In his NBA playoff debut in game 1 of the 76ers' first-round playoff series against the Miami Heat, Simmons had 17 points, 14 assists, and nine rebounds in a 130–103 win. In game 4, Simmons helped the 76ers take a 3–1 lead in the series with 17 points, 13 rebounds, and 10 assists in a 106–102 win. He became the first rookie since Magic Johnson in 1980 to have a playoff triple-double, and became the fifth rookie with a triple-double in the playoffs, joining Johnson, Kareem Abdul-Jabbar, Jerry Lucas and Tom Gola. Simmons helped the 76ers move on to the second round of the playoffs with a 4–1 defeat of the Heat, as he recorded 14 points and 10 rebounds in a 104–91 win in game 5. The 76ers went on to lose in five games to the Boston Celtics in the second round, with Simmons recording 18 points, eight rebounds, and six assists in a 114–112 loss in game 5. At the season's end, Simmons was named the NBA Rookie of the Year and earned NBA All-Rookie First Team honours.

====2018–19 season: First All-Star selection====
In September 2018, Simmons announced that during the off-season he began working to improve his shooting with his brother Liam Tribe-Simmons, former assistant coach for University of California, Riverside Highlanders men's basketball team and Southwest Baptist Bearcats men's basketball team, and would continue to do so for the remainder of the season. In the 76ers' season opener on 16 October 2018, Simmons recorded 19 points, 15 rebounds, and eight assists in a 105–87 loss to the Boston Celtics. Two days later, he had a triple-double with 13 points, 13 rebounds, and 11 assists in a 127–108 win over the Chicago Bulls. He reached his 13th career triple-double with 2:34 left in the third and became the first Sixer to ever get one in a home opener.

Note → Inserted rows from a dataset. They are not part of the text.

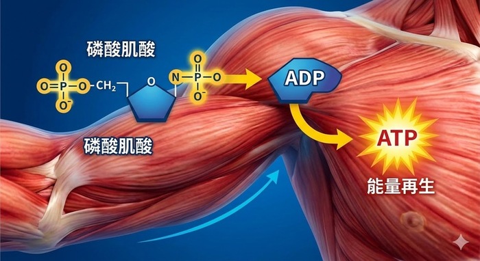要理解肌酸的作用,首先必須了解人體的能量系統。當肌肉收縮時,細胞會消耗ATP(三磷酸腺苷)作為能量來源。ATP可以被視為人體的即時能量貨幣。然而肌肉中儲存的ATP其實非常有限,在高強度運動中通常只能維持2至3秒。當ATP快速消耗後,身體會啟動ATP–PC能量系統(ATP–Phosphocreatine System)。在這個系統中,磷酸肌酸會將磷酸基轉移給ADP,使其重新生成ATP。換句話說,肌酸的作用就是幫助ATP更快再生。因此肌酸最有用的運動情境通常是短時間、高強度且需要爆發力的活動,例如舉重、短跑、籃球、足球、橄欖球與CrossFit等運動。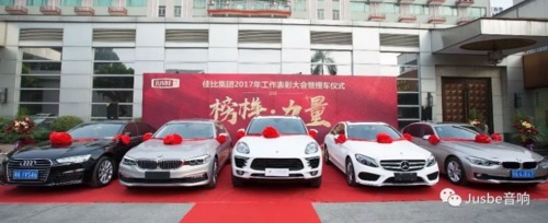 新年伊始,佳比集團第二次授車儀式在廣州南方毅源大酒店舉行,佳比集團三位創始股東夏永新、黃小峰、吳明峰及董事會成員分別為集團湖南分公司銷售總監楊銀 、集團廣東區域銷售總監陳潔瓊、集團廣西區域銷售總監李春林、集團湖南分公司銷售經理姜政林、集團深圳區域銷售總監羅迪平 五位銷售管理層授車,給他們配備價值40-60萬元不等的保時捷、奔馳、寶馬、奧迪各一輛,表彰他們通過長期的努力所取得的驕人業績。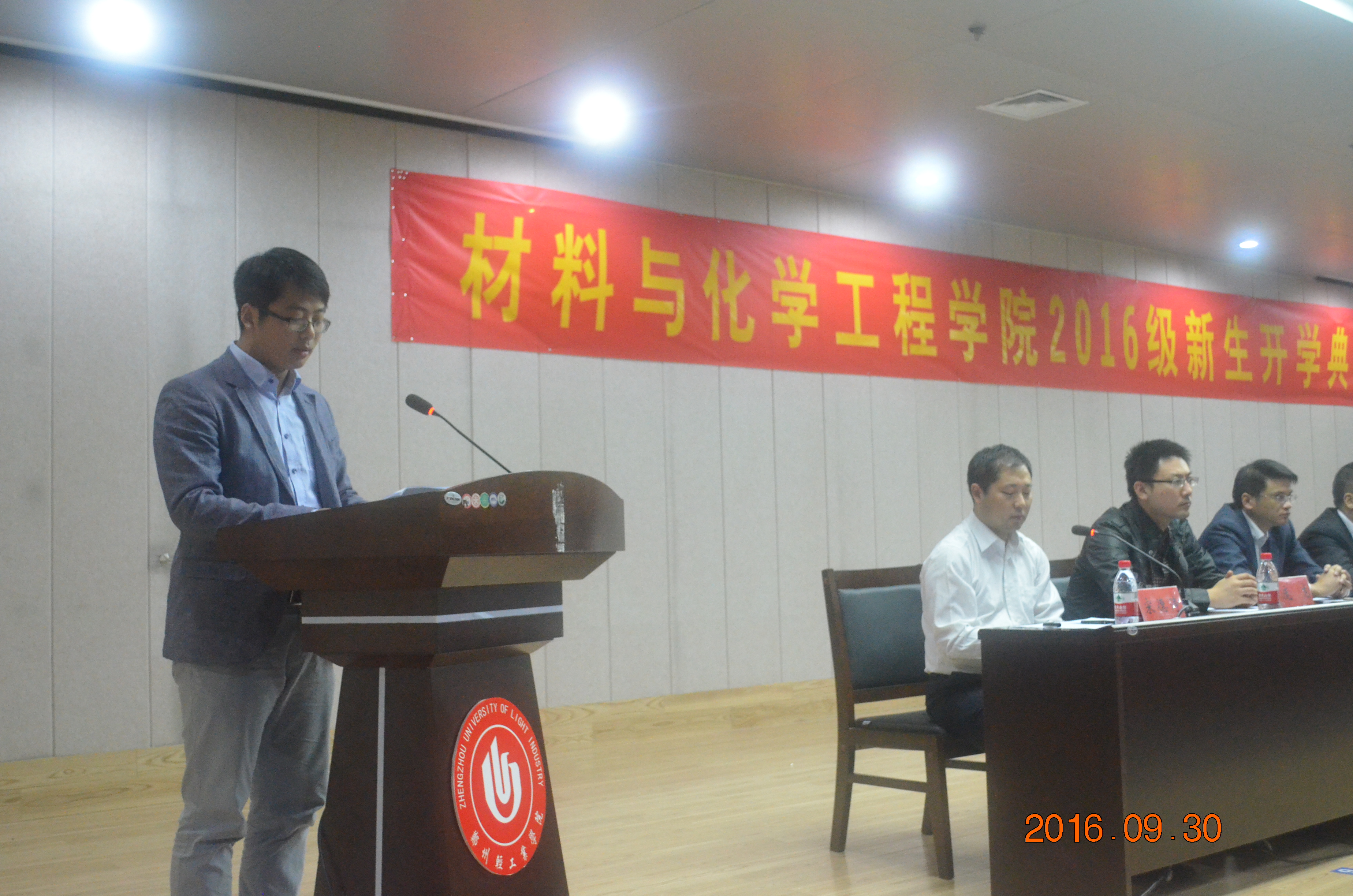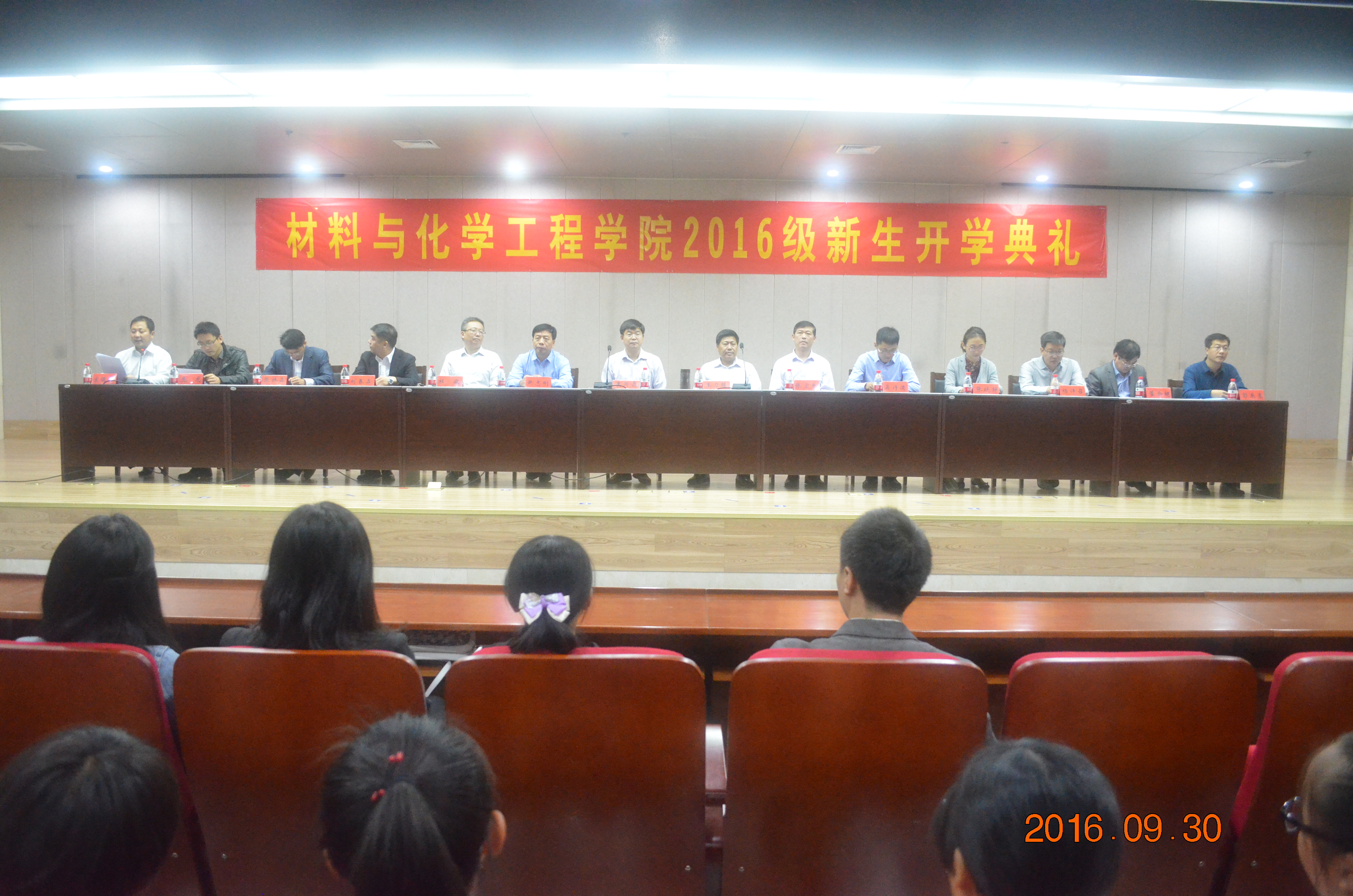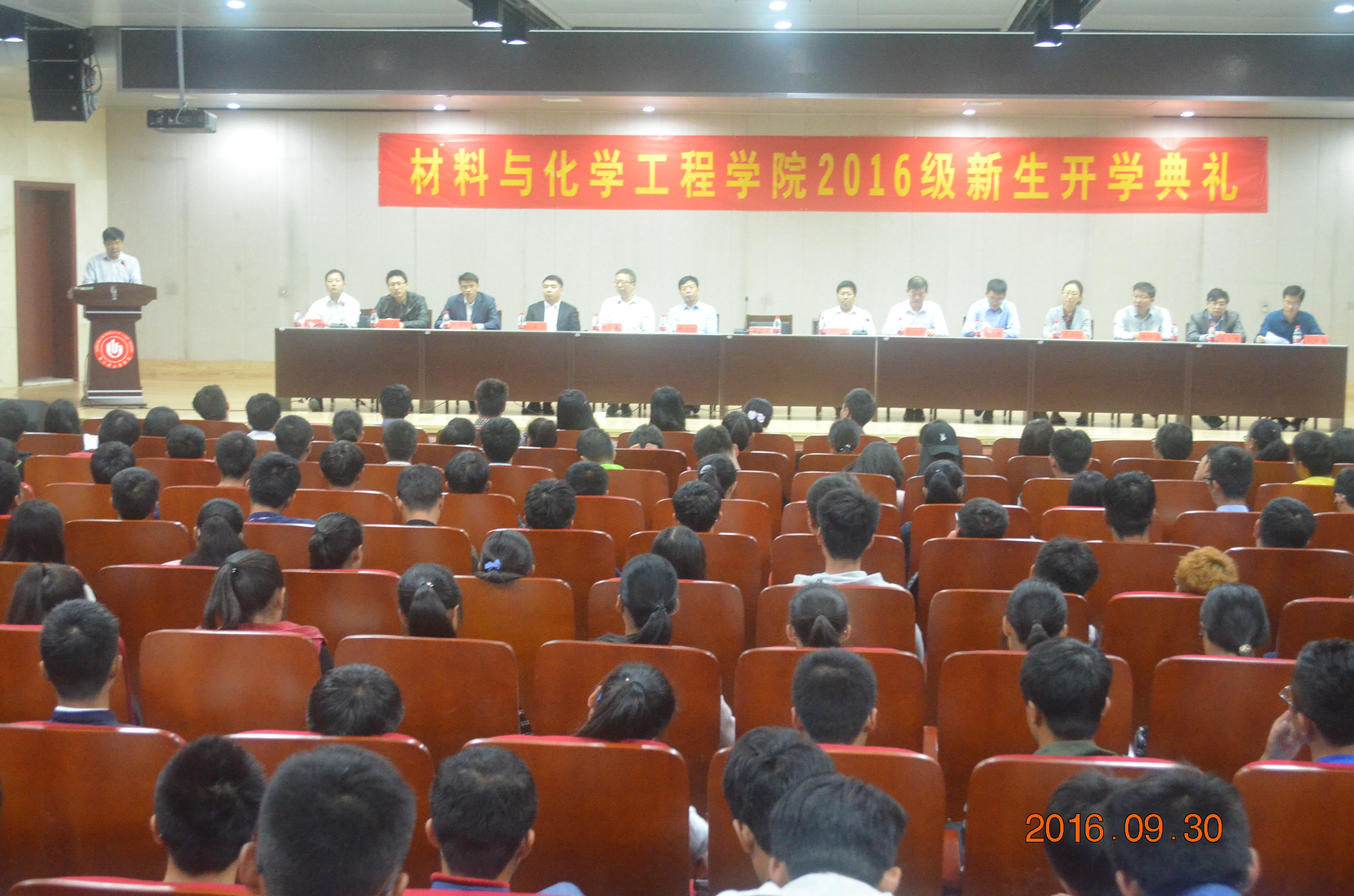 9月30日,材料与化学工程学院2016级新生开学典礼暨专业教育大会在科学校区逸夫图书馆学术报告厅隆重举行。学院全体领导、各系(中心)主任、2016级新生班主任、党政办公室、学工办、分团委、辅导员及专业教师等30余人出席了大会,2016级全体研究生、本科生新生参加了会议,会议由党总支副书记宋德涛主持。

On 2 January, he scored 29 points in a 132–127 win over the Phoenix Suns. On 5 January, he recorded his sixth triple-double of the season with 20 points, 14 rebounds, and 11 assists in a 106–100 win over the Dallas Mavericks. On 11 January, he had 23 points, 15 assists, and 10 rebounds in a 123–121 loss to the Atlanta Hawks. Two days later, he had 20 points, 22 rebounds, and nine assists in a 108–105 win over the New York Knicks. On 15 January, with 20 points, 11 rebounds, and 9 assists against the Minnesota Timberwolves, Simmons became the second fastest player in NBA history to reach 2,000 points, 1,000 rebounds, and 1,000 assists, trailing only Oscar Robertson. Simmons reached this milestone in 125 games, which is 9 games faster than Magic Johnson and 33 games faster than LeBron James. On 23 January, he had 21 points, 15 assists, and 10 rebounds in a 122–120 win over the San Antonio Spurs. On 31 January, he received his first All-Star selection as an Eastern Conference reserve, becoming the first Australian to receive the honour. On 28 February, he recorded his ninth triple-double of the season with 11 points, 13 rebounds, and 11 assists in a 108–104 win over the Oklahoma City Thunder. Two days later, he had 25 points, 15 rebounds, and 11 assists in a 120–117 loss to the Golden State Warriors.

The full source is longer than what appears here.